Explanations & Calculations

• If the needed parallel force is $\small F$, then the work done by that force should equal what is given as it is the only source doing work to energize the block.

$\qquad\qquad \begin{aligned} \small W=500J&=\small F\times10m\\ \small F&=\small \bold{50 N} \end{aligned}$

• That amount of work is done during a time period of 10s as the question says. Then the according to the definition of "rate of work": which is the power, it could be calculated.

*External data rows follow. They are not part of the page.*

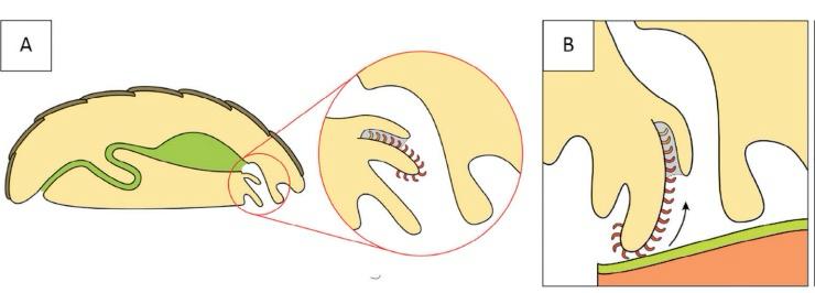 Figura 2. La rádula de los quitones. A, localización de la boca en un quitón, mostrando en expansión la rádula con los dientes. B, la acción de raspado que ejercen los dientes. Figura tomada de la referencia 2.
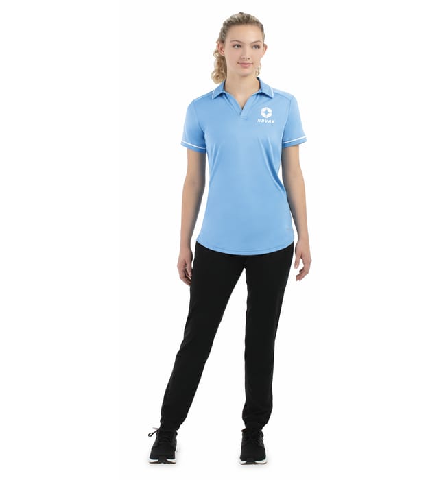 90% polyester/10% spandex, 4-way stretch woven fabric Ladies' fit Covered elastic waistband with drawcord with silicone dipped tips (inside drawcord on XS-S) Front pockets Covered elastic cuff at leg opening Tapered leg Water repellent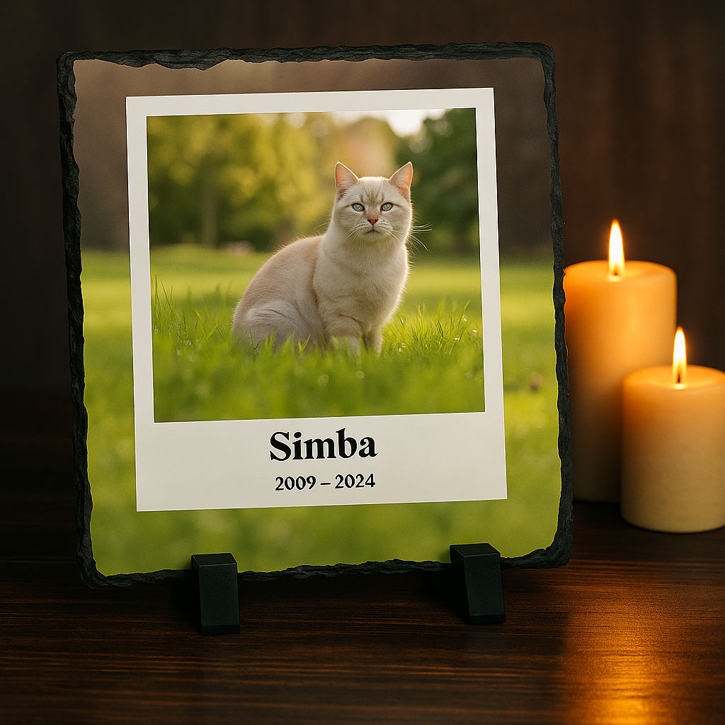 Bewaar de mooiste herinneringen aan je huisdier of een dierbaar persoon op een unieke manier met dit prachtige herinnering tegeltje van natuurlijke leisteen. Het tegeltje wordt bedrukt met een eigen foto en eventueel een naam, datum of persoonlijke tekst, zodat je een blijvende en tastbare herinnering hebt aan degene die je zo dierbaar is.

$\qquad\qquad \begin{aligned} \small Power &=\small \frac{\text{work done}}{\text{time taken}}\\ &=\small \frac{500J}{10s}\\ &=\small \bold{50\,Js^{-1}\,or\,50\,W} \end{aligned}$

• This part could be done either by calculating the acceleration due to the net force & then applying any appropriate motion equation of the four or considering the energy conservation.
• Acceleration is easier, let's use energy conservation.
• Work done by the force F work against the friction & any other opposite force & change in the kinetic energy of the block.
• Then,

$\qquad\qquad \begin{aligned} \small 500J&=\small \Delta E_k+fs+mg\sin\theta.s\\ &=\small \frac{1}{2}.m(30^2-v_i^2)+10\times10+10.\sin25.10\\ \small 357.74&=\small 0.5\times \frac{10N}{9.8ms^{-2}}\times (30^2-v_i^2)\\ \small v_i&=\small \bold{14.1\,ms^{-1}} \end{aligned}$